The one consolation of being forced to motor any significant distance on Rutea is that usually the seas are flat and such was the case as we made our way north across the Java Sea. The freighter traffic was pretty intense, though, and we had to dodge a lot of fishing boats as well. One boat was paying out a net that was over 2.5 miles long.
|Mei Goreng in the Making
We deliberately timed our arrival at the mouth of the Kumai River to the beginning of a flood tide and even though we had to continue to dodge freighters, we were able to sail the entire twenty miles upstream to the town of Kumai. Friends of ours had made arrangements with a tour operator and booked us a two-night, three-day passage on a boat that will take us to the Tanjung Puting National Park where orangutans live in their natural habitat. It has been said that this is a safe place to leave the boat for a few days and we’re going to hope for the best.

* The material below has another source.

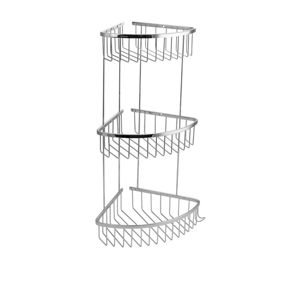 Полочка угловая, овальная, трёхэтажная, для принадлежностей, решётка обладает высокими эксплуатационными характеристиками и подходит для использования дома, в общественных местах: отелях, ресторанах и пр. Изготовлена из прочной нержавеющей стали с хромоникелевым покрытием, которое придает безупречный глянцевый блеск и долговечность. Металлическая полка оснащена крючком. Аксессуар не занимает много места, надежно фиксируется к стене при помощи набора креплений (входят в комплект) и служит удобным местом для хранения бытовых и косметических средств. Габаритные размеры: высота 560 мм, глубина верхней полки 180 мм, глубина средней полки 220 мм, глубина нижней полки 250 мм, расстояние между полками 175 мм. Вес - 1,700 кг, объём - 0,04500 м3.

Today we went into the town of Kumai and I think it is easily one of the ugliest towns I have ever seen. Besides the typical dusty streets and the litter everywhere, this town has hundreds of tall concrete buildings that have no windows – they look like small prisons. In fact, they’re nesting sites for swiflets who build their nests from their saliva. Apparently, the Chinese have a fondness for Bird’s Nest Soup and a kilo of this tasteless, hardened bird spit can fetch up to US$3,000. The buildings have loudspeakers on the roofs and play the swiftlet song, hoping to attract more birds.
|Hold on to that power line!
Despite the usual trappings of a poor Third World town and the fact that its hot as hell and the power was out, we were able to find a decent plate of Mei Goreng (fried noodles and vegetables) for about US$1.00. The market had a nice selection of fresh produce and we bought some beautiful fresh fish for slightly over US$2.00 per pound (take that, PLSF!). We’re very excited about our trip to the deep, dark jungle of Borneo tomorrow and I promise a posting soon after we return.